Empirical Aspect: In practice, momentum is one of the most commonly used approaches for acceleration in policy optimization for RL, mainly due to its simplicity. Specifically, a variety of classic momentum methods (e.g., Nesterov momentum, heavy-ball method, and AdaGrad) have been already implemented in optimization solvers and deep learning frameworks (e.g., PyTorch) as a basic machinery and shown to improve the empirical convergence results than the standard policy gradient methods like A2C and PPO (e.g., see [Henderson et al., 2018]).

Theoretical Aspect: However, despite the popularity of these approaches in empirical RL, it has remained largely unknown whether momentum could indeed improve the theoretical global convergence rates of RL algorithms. To address this fundamental question, we establish the very first global convergence rate of Nesterov momentum in RL (termed APG in our paper) and show that APG could improve the rate of PG from $O(1/t)$ to $\tilde{O}(1/t^2)$ (in the constant step-size regime). Given the wide application of momentum, our analytical framework and the insights from our convergence result (e.g., local near-concavity) serve as an important first step towards better understanding the momentum approach in RL.

Theoretical Advantage: In addition, we would like to highlight that in the constant step-size regime (which is one of the most widely adopted setting in practice), our proposed APG indeed achieves a superior global convergence rate of $\tilde{O}(1/t^2)$ , which is better than the $O(1/t)$ rate of vanilla PG and the $O(1/t)$ rate of NPG under constant step sizes.

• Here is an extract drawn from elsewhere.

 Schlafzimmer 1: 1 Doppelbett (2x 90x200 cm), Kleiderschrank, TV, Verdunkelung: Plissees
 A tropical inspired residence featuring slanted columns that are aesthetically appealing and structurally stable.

(2) Natural Gradients (or more generally, Policy Mirror Descent): Theoretical Aspect: Natural policy gradient (NPG), another RL acceleration technique, borrows the idea from the natural gradient, which uses the inverse of Fisher information matrix as the preconditioner of the gradient and can be viewed as achieving approximate steepest descent in the distribution space [Amari, 1998; Kakade, 2001]. Moreover, under direct policy parameterization, NPG is also known as a special case of policy mirror descent (PMD) with KL divergence as the proximal term [Shani et al., 2020; Xiao et al., 2022]. Regarding the global convergence rates, NPG has been shown to achieve: (i) $O(1/t)$ rate under constant step sizes [Agarwal et al., 2020; Xiao, 2022] (ii) linear convergence either under adaptively increasing step sizes [Khodadadian et al., 2021] or non-adaptive geometrically increasing step sizes [Xiao, 2022]. Notably, under direct policy parameterization and geometrically increasing step sizes, similar linear convergence results can also be established for the more general PMD method [Xiao, 2022].

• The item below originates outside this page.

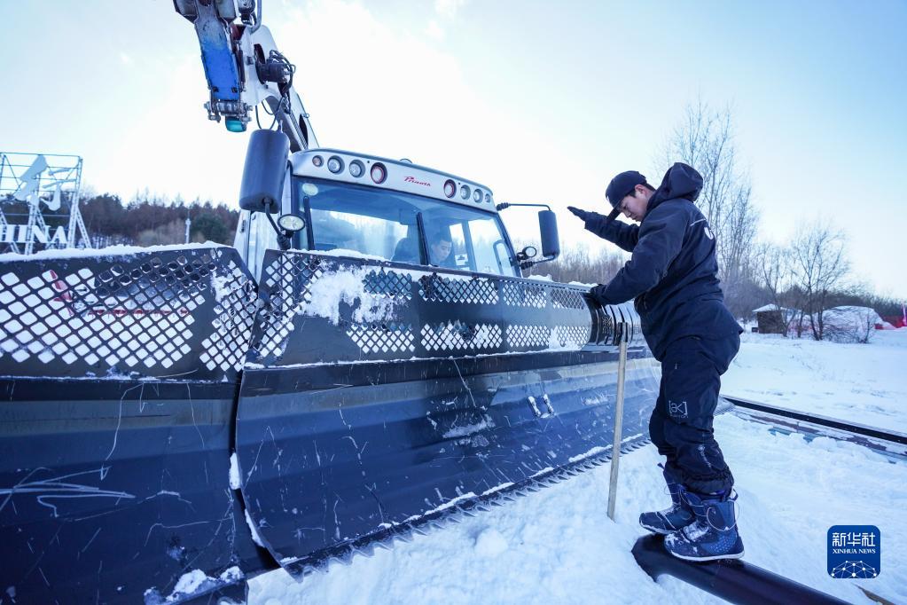 V-PARK地形公園成員在進(jìn)行公園跳臺施工(12月9日攝)。
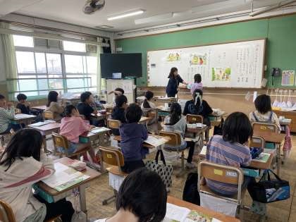 子どもたちは教科書のお話を聞いて、自分の考えをみんなの前で発表したり、グループで意見を交流したりしていました。友だちと意見を話し合うことで、自分にはない考えに触れることができた子もいたようです。

Empirical Issues: Despite the above convergence rates, as also pointed out by [Mei et al., 2021a], it is known that NPG in general requires solving a costly optimization problem in each iteration (cf. [Kakade, 2001; Agarwal et al., 2020]) even with the help of compatible approximation theorem [Kakade, 2001] (unless the policy parametrization adopts some special forms, e.g., log-linear policies [Yuan et al., 2023]). Notably, the TRPO algorithm, a variant of NPG, is known to suffer from this additional computational overhead. Similarly, the PMD in general also requires solving a constrained optimization problem in each policy update [Xiao, 2022]. This computational complexity could be a critical factor for RL in practice.

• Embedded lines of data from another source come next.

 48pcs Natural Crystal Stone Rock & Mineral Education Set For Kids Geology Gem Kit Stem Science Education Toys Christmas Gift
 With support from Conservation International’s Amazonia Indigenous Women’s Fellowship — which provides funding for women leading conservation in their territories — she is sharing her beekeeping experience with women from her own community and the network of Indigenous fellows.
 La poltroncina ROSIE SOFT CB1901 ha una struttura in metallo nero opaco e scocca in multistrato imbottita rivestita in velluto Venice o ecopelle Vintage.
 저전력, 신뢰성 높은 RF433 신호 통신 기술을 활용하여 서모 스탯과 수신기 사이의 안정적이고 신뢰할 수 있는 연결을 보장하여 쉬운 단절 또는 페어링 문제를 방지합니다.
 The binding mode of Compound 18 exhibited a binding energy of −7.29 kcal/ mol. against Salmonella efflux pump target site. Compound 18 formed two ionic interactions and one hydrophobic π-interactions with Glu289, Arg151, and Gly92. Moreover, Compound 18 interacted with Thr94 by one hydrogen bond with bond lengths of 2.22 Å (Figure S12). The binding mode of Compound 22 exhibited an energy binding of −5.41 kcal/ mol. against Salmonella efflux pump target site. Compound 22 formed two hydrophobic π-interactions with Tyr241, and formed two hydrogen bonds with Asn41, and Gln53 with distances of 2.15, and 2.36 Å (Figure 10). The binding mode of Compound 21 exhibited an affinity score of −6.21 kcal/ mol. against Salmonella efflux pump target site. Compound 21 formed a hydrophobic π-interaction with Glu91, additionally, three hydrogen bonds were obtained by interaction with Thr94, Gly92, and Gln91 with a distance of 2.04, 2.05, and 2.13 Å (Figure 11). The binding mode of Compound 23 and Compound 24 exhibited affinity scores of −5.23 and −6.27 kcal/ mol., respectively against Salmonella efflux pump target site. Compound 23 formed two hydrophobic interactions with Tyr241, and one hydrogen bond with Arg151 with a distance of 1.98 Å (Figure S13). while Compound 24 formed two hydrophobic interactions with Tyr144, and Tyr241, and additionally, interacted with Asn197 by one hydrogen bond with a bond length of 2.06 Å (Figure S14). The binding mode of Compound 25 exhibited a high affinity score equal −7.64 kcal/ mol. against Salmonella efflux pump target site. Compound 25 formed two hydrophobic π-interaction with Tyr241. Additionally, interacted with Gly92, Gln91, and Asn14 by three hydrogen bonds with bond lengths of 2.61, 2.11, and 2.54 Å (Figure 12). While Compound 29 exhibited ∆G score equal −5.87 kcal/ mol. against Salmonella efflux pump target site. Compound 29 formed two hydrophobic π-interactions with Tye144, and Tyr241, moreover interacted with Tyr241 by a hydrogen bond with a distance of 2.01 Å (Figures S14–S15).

(We further add a new section in Appendix I for a detailed comparison of the acceleration methods in RL.)

审稿意见

评分: 6置信度: 42023-11-09

This paper studies the convergence of Accelerated Policy Gradient (APG) with restart as shown in Algorithm 2. The main results show that this algorithm achieves a $\tilde{O}(1/t^2)$ convergence rate toward globally optimal policy in terms of value sub-optimality. The technical innovation includes showing that the value function is nearly $C$ -concave when optimal action's probability is large enough (locally around optimal policy), as well as using AGD's $\tilde{O}(1/t^2)$ convergence results, and asymptotic global convergence in Agarwal et al.

优点

Answering whether Nesterov's acceleration can be used in policy gradient is an interesting question.
The technical challenges are well explained and real, including using momentum in non-convexity, and unbounded parameters.
The simulations verify the proved rates.

缺点

There already exist acceleration methods for policy gradient, including natural policy gradient, and normalization which both lead to an exponential convergence rate, which might make this slower acceleration not that attractive to the community.

问题

How do you compare the acceleration provided by momentum with faster acceleration methods for policy gradient, such as natural policy gradient and normalization, as well as regularization?
Any idea of using generalizing the methods to stochastic settings, where the policy gradient has to be estimated from samples?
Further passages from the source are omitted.